We walk through the majestic gardens and fountains. He tells me about what has been going on in his life and I tell him about mine. We get to the center of the of the garden. An enormous marble fountain with small cherups carved onto the edges of each bowl. The clear water pouring over the edges of each bowl until it reaches the largest bowl, which sits on the granite tile floor. The church bells begin ringing. "I should be getting back now." I tell him. I pull away from him. "Would you let me take you to the fair?" he calls out as start to run on the orange and yellow pebble path. I stop and turn around. His eyes sparkle as he smiles. "I'd love to." I answer. "Tomorrow night for your birthday then!" he shouts. I already started running again. "Okay!" I  shout back. My feet make a crunch sound as I race through the tiny rocks. James Marter, I think. He was my friend for years until the summer he went steady with Molly Torker. Molly Torker, I think. She always looked so flawless and perfect. Her strong, healthy blonde curls always swirled around her peach colored skin. Her royal blue eyes shined like the ocean. She was beautiful. I knew I could never compete against her. That is, until she moved away last month. She's in New York now. She won't be back. The thought of her never returning made me smile. I finally reach the doors and peek in to see what everyone is doing. They're all sitting in the perfectly set benches, looking up to the stage. I move the the side so I can see who is speaking.
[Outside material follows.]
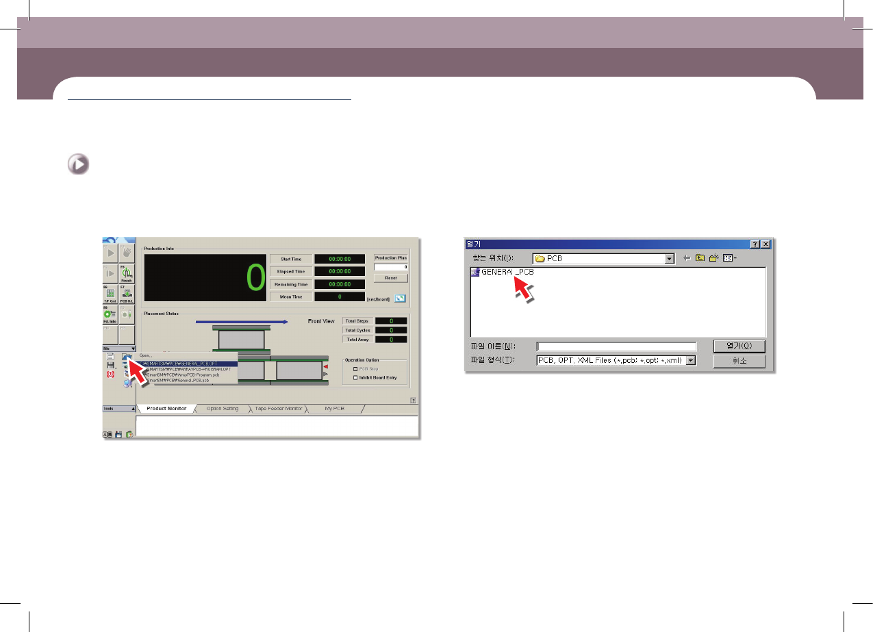 DE CAN S2 Op era tion H and bo ok 3-11 제 3 장 본 Chapter에서는 생산을 수행하는 작업 절차에 대해 알아봅니다. 생산하기 Advanced Chip Shooter 작업 준비하 기 Ⅱ > PCB 파일 다운로 드 작업 준비하기 Ⅱ Step 3. 'Op en' 클릭 ㆍ 열기 대화상자를 엽니다. Step 4. PCB 파일 선 택 ㆍ 작업할 …

I catch a glimpse of my father's dull brown hair and reading glasses. It's almost my turn to give my speech, I think.

I pace back and forth, wheezing. I never wrote a speech. What am I going to say? I don't want to break down and cry because I have nothing to say. I take a deep breath. My father steps off of the stage and my mother walks up. Her voice soft and sorrowful, just like earlier. I tiptoe to the bench where my brothers are sitting. My mother gives a speech about Kevin. All the good times,  bad times, and what it was like raising him. She smiles pathetically and walks off of the stage. I walk onto it. I smile sweetly and  look at my shoes. I click my heels together and sigh nervously. I look up to the familiar and unfamiliar faces in the crowd. The dark colors blend together in a sea of black. "Umm...stop," I blurt out. Everyone's eyebrows raise in shock. They lean forward for an explanation. "Stop saying you're sorry for my loss. What are you sorry about? He fought in the war for our country. He is brave. No one knows how I feel. I lost my brother, best friend, and hero at one time. I don't understand how you've felt the same sorrow and hatred that I do." I preach. Everybody's face was filled with surprise. A few of them smile. A young girl, about ten years old, began clapping. Few others whistle and clap along. I nod and walk back to my brothers. What did I say? What came over me?